● **Stored data**

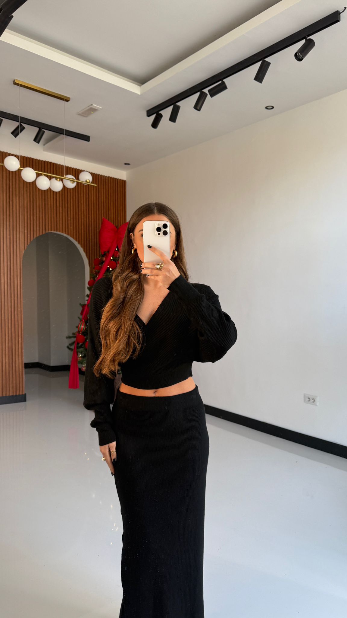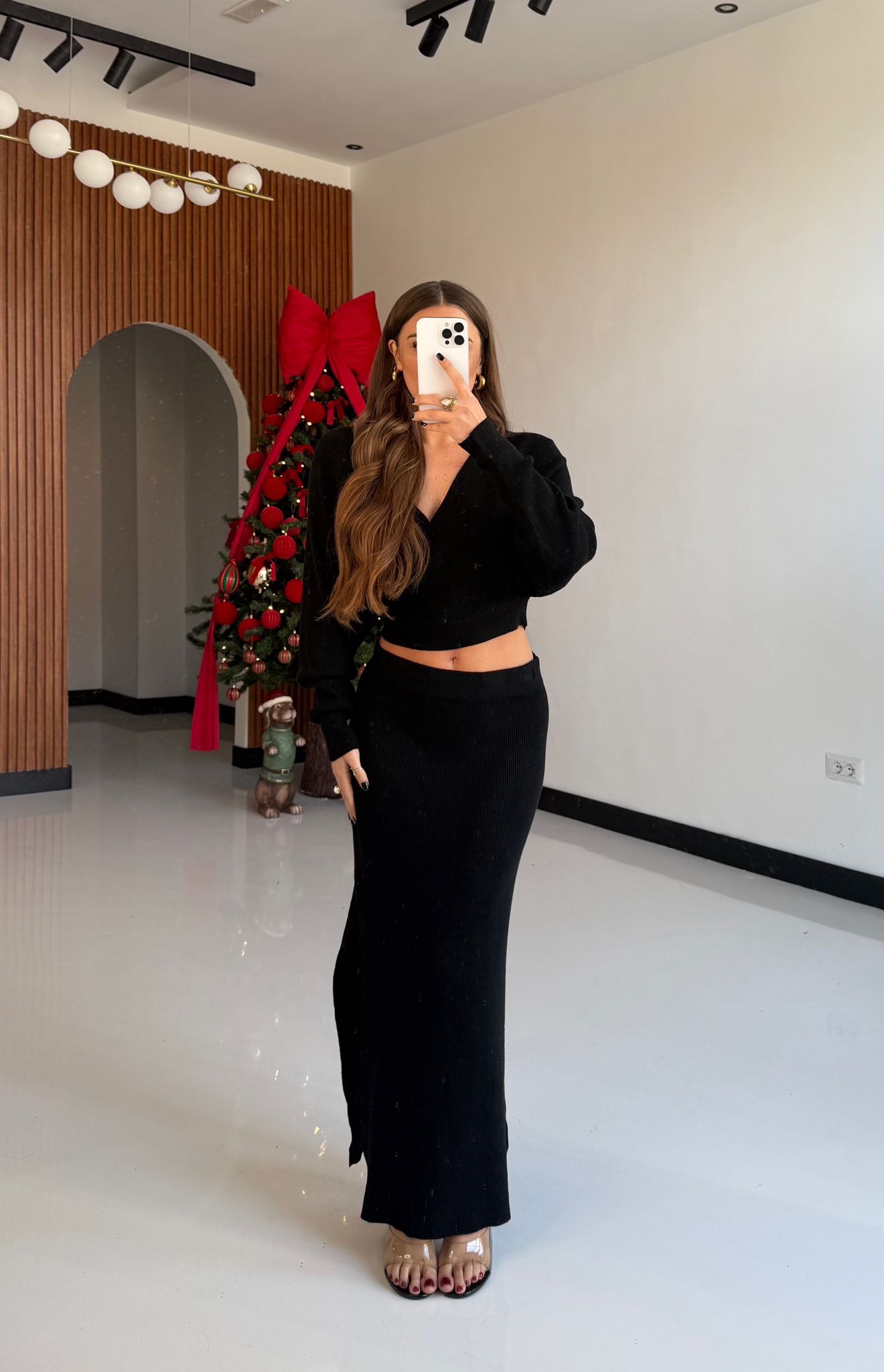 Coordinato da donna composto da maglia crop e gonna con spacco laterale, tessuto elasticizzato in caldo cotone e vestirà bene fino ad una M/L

* * *

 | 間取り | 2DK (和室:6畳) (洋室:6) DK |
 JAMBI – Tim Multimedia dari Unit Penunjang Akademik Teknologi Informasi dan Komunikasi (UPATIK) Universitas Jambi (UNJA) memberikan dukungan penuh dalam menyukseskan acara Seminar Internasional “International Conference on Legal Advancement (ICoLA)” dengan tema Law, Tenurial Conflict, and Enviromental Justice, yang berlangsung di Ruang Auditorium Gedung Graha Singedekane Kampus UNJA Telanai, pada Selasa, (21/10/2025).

---

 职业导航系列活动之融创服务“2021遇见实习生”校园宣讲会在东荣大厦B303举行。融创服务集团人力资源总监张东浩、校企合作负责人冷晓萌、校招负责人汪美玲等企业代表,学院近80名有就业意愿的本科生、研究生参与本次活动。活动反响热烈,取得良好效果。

● **What to work on**
Your answer should consist of the lines from the line with "(洋室:6) DK |" to the line with "JAMBI – Tim" above, repeated exactly, both ends included.

● **Output of the exercise**
 | 間取り | 2DK (和室:6畳) (洋室:6) DK |
 JAMBI – Tim Multimedia dari Unit Penunjang Akademik Teknologi Informasi dan Komunikasi (UPATIK) Universitas Jambi (UNJA) memberikan dukungan penuh dalam menyukseskan acara Seminar Internasional “International Conference on Legal Advancement (ICoLA)” dengan tema Law, Tenurial Conflict, and Enviromental Justice, yang berlangsung di Ruang Auditorium Gedung Graha Singedekane Kampus UNJA Telanai, pada Selasa, (21/10/2025).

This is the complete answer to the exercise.